WHAT THIS TASK INVOLVES - In the material below, find the line with "SCCS02SGAF-GRN Scheibe: Grau" and the line with "У травні стало", then output both and every line between them exactly, omitting pictures.

SOURCE DATA -
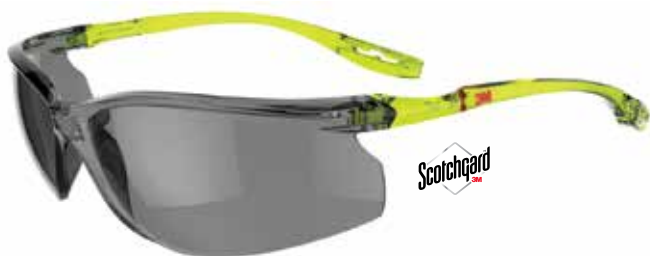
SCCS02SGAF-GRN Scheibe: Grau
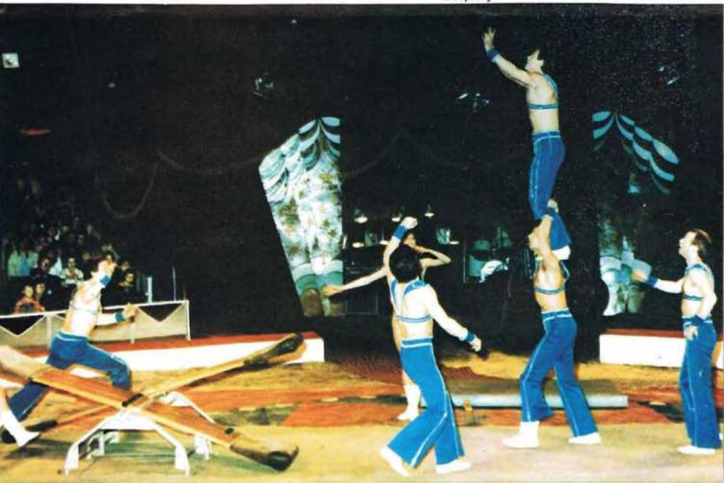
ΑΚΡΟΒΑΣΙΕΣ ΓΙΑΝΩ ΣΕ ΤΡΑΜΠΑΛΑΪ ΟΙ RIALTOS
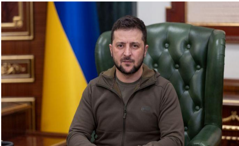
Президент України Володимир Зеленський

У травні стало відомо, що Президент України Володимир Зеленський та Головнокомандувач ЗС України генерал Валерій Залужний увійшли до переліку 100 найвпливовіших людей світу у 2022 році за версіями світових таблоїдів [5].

...

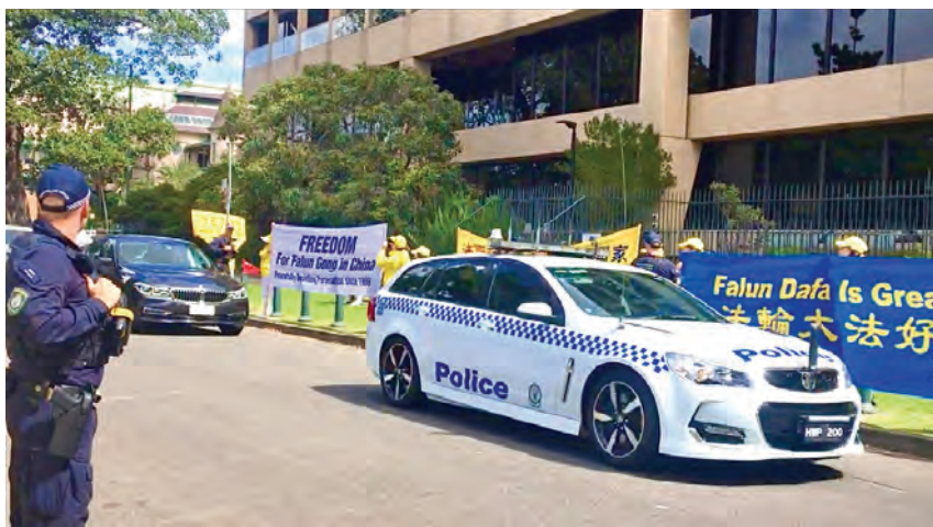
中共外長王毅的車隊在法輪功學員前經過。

---

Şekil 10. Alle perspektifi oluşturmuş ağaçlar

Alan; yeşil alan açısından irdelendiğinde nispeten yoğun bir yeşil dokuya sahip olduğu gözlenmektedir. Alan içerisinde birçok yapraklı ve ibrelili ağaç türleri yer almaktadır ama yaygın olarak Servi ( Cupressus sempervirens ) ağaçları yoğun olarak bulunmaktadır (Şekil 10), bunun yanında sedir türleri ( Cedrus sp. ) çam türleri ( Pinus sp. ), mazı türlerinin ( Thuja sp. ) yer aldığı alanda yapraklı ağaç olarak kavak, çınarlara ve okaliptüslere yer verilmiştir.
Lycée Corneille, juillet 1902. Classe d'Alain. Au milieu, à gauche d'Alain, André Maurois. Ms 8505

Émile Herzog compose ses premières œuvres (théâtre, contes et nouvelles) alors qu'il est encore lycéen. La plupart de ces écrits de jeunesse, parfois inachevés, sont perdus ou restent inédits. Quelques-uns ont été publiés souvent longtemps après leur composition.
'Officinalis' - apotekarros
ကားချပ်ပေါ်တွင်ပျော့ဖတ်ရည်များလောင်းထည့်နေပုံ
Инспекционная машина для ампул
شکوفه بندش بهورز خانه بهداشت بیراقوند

TASK SOLUTION -
SCCS02SGAF-GRN Scheibe: Grau
ΑΚΡΟΒΑΣΙΕΣ ΓΙΑΝΩ ΣΕ ΤΡΑΜΠΑΛΑΪ ΟΙ RIALTOS
Президент України Володимир Зеленський

У травні стало відомо, що Президент України Володимир Зеленський та Головнокомандувач ЗС України генерал Валерій Залужний увійшли до переліку 100 найвпливовіших людей світу у 2022 році за версіями світових таблоїдів [5].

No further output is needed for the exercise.